What a relief the Black Caps selection team are not as kneejerk as the media and public.
Tim MacIntosh's century was one to savour and a reward for consistency of selection.
MacIntosh has not set the world alight in his test career to date and is probably never likely to - but he has shown that he can be hard to remove; can do a job that many want done; and is worth persevering with.
Up until this test he had played 14 tests averaging 27, with one century.
Not ideal, but he now has another century to his name and, looking a little deeper into this latest one, I'm hoping he'll grow the belief to start to replicate his first-class record somewhat.
MacIntosh's first class record is nothing flashy either - 102 matches averaging 35 with 15 centuries; not flashy but solid.
He won't get anywhere near that sort of longevity in the test team but at 30, another four years could see him play 40 tests - and I'd be happy with an average of 30 with, let's say, another four or so centuries.
I have hope for Macintosh because of what he showed in his latest outing. Put yourself in his shoes. He comes in off a pair, he is up against an opening bowler (Zaheer Khan) who well and truly has his number and everyone knows it.
He's not only playing for his test career but his cricketing life because test cricket is just about all he has. He's in India where, for a tourist, poor form is not easy to turn around.
To overcome that takes some courage and mental strength. Not only did he win that internal battle that follows every batsman round but outwardly he showed he can turn around faults very quickly. He was slow but determined - not scratchy and just hanging in.
From ball one, he appeared quite assured in his own way and seemed to have ironed out the balance issues that Zaheer had been exploiting.
MacIntosh has some technical deficiencies that he will always have to keep tabs on but he is a player who knows that you can still operate with deficiencies if you develop a game that allows for them.
That skill is as important as actually correcting your deficiencies. He's what I would call a cricket realist.
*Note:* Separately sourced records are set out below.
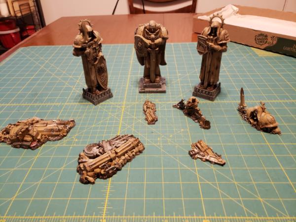 Got the last batch of terrain done for the summer, a bunch of sandstone statue terrain from killteam/40K.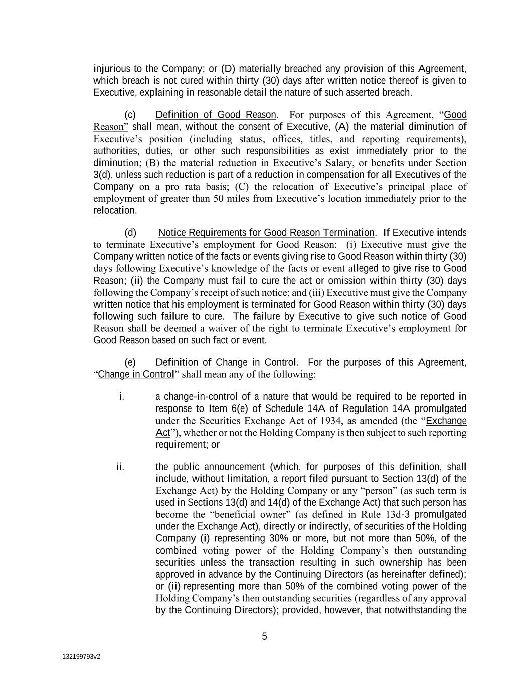 132199793v2 5 injurious to the Company; or (D) materially breached any provision of this Agreement, which breach is not cured within thirty (30) days after written notice thereof is given to Executive, explaining in reasonable detail the nature of such asserted breach. (c) Definition of Good Reason. For purposes of this Agreement, “Good Reason” shall mean, without the consent of Executive, (A) the material diminution of Executive’s position (including status, offices, titles, and reporting requirements), authorities, duties, or other such responsibilities as exist immediately prior to the diminution; (B) the material reduction in Executive’s Salary, or benefits under Section 3(d), unless such reduction is part of a reduction in compensation for all Executives of the Company on a pro rata basis; (C) the relocation of Executive’s principal place of employment of greater than 50 miles from Executive’s location immediately prior to the relocation. (d) Notice Requirements for Good Reason Termination. If Executive intends to terminate Executive’s employment for Good Reason: (i) Executive must give the Company written notice of the facts or events giving rise to Good Reason within thirty (30) days following Executive’s knowledge of the facts or event alleged to give rise to Good Reason; (ii) the Company must fail to cure the act or omission within thirty (30) days following the Company’s receipt of such notice; and (iii) Executive must give the Company written notice that his employment is terminated for Good Reason within thirty (30) days following such failure to cure. The failure by Executive to give such notice of Good Reason shall be deemed a waiver of the right to terminate Executive’s employment for Good Reason based on such fact or event. (e) Definition of Change in Control. For the purposes of this Agreement, “Change in Control” shall mean any of the following: i. a change-in-control of a nature that would be required to be reported in response to Item 6(e) of Schedule 14A of Regulation 14A promulgated under the Securities Exchange Act of 1934, as amended (the “Exchange Act”), whether or not the Holding Company is then subject to such reporting requirement; or ii. the public announcement (which, for purposes of this definition, shall include, without limitation, a report filed pursuant to Section 13(d) of the Exchange Act) by the Holding Company or any “person” (as such term is used in Sections 13(d) and 14(d) of the Exchange Act) that such person has become the “beneficial owner” (as defined in Rule 13d-3 promulgated under the Exchange Act), directly or indirectly, of securities of the Holding Company (i) representing 30% or more, but not more than 50%, of the combined voting power of the Holding Company’s then outstanding securities unless the transaction resulting in such ownership has been approved in advance by the Continuing Directors (as hereinafter defined); or (ii) representing more than 50% of the combined voting power of the Holding Company’s then outstanding securities (regardless of any approval by the Continuing Directors); provided, however, that notwithstanding the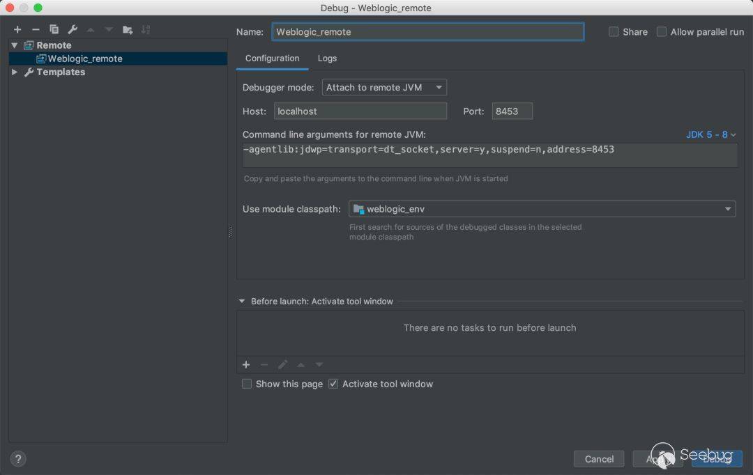 若要遠程調試WebLogic,需要修改當前WebLogic Server域目錄下bin/setDomainEnv.sh文件,添加如下配置: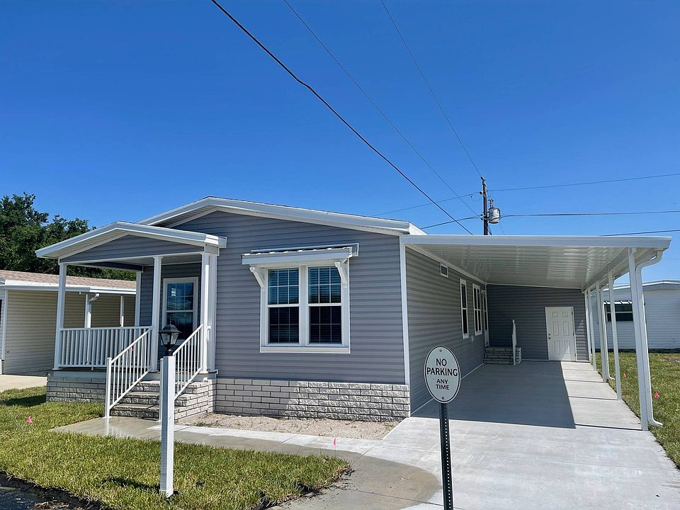 Located in Colonial Colony South a 55+ Community, this is a new manufactured home. The land lease payment is 768.00 per month for 2023. Included in the land lease payment is city water, sewer, trash pickup, recycle pickup, irrigation water, mowing, standard cable, use of both pools, fitness center, clubhouse and recreational facilities.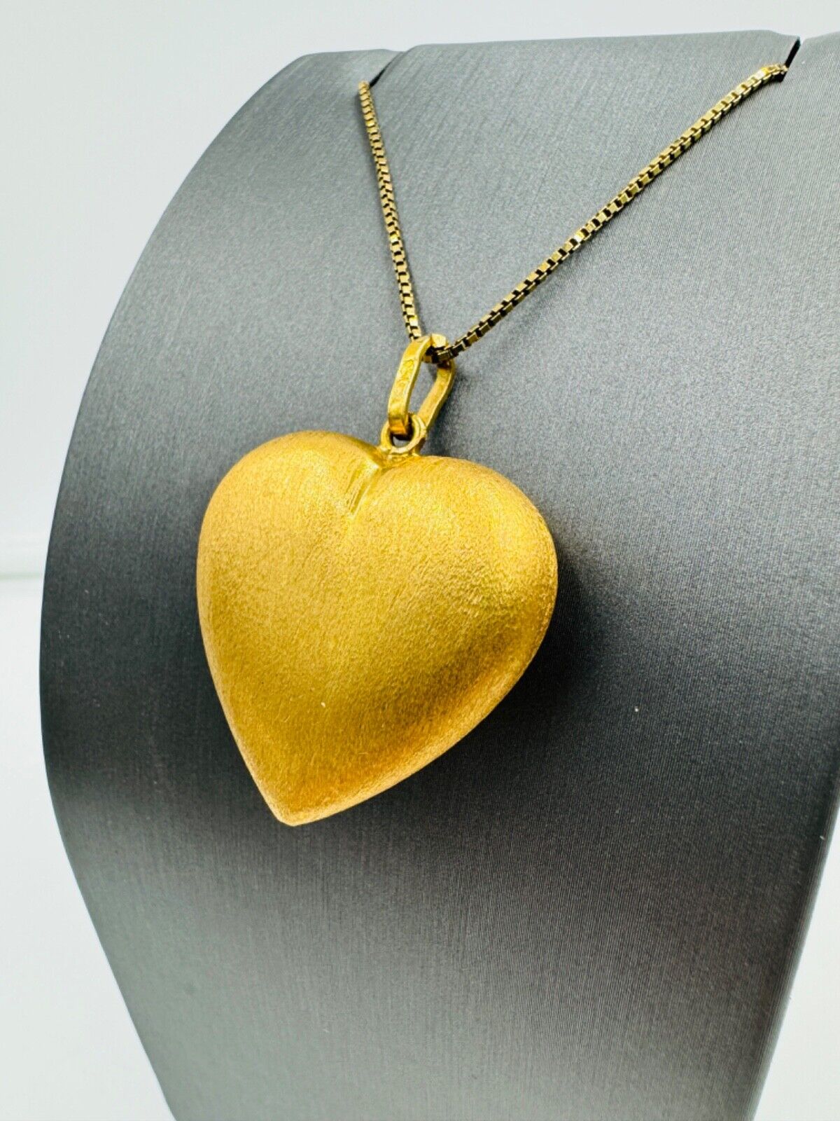 Vintage 18k yellow gold Puffed Heart with satin finish pendant necklace. This handmade lovely, bold, sophisticated look that will accent any out fit beautifully. This pendant has lovely finely textured finish in beautiful condition considering it's age. The chain is 14k yellow gold 19" long box link, which we paired with this amazing pendant. The pendant is about 1 1/8" x 1 1/8" without the bale by 8.9mm thick weighing 10.2 grams with the chain. The pendant is hallmarked "18K" and the chain is hallmarked "14k" both having been tested. We have not polished it just lightly cleaned and looks amazing as is.

He will never look pretty doing his job and so, when he does get out cheaply, they will be ugly failures. People will always question his skill level but he is a player that must, like Andrew Jones, be judged on the bottom line alone - runs.
He's not there yet, but hopefully he's got the little kick-start he needed.
There is always going to be a place for a player like MacIntosh because of the free-scoring players around him. If he can just improve his starting ability he will do a fine job over the next few years.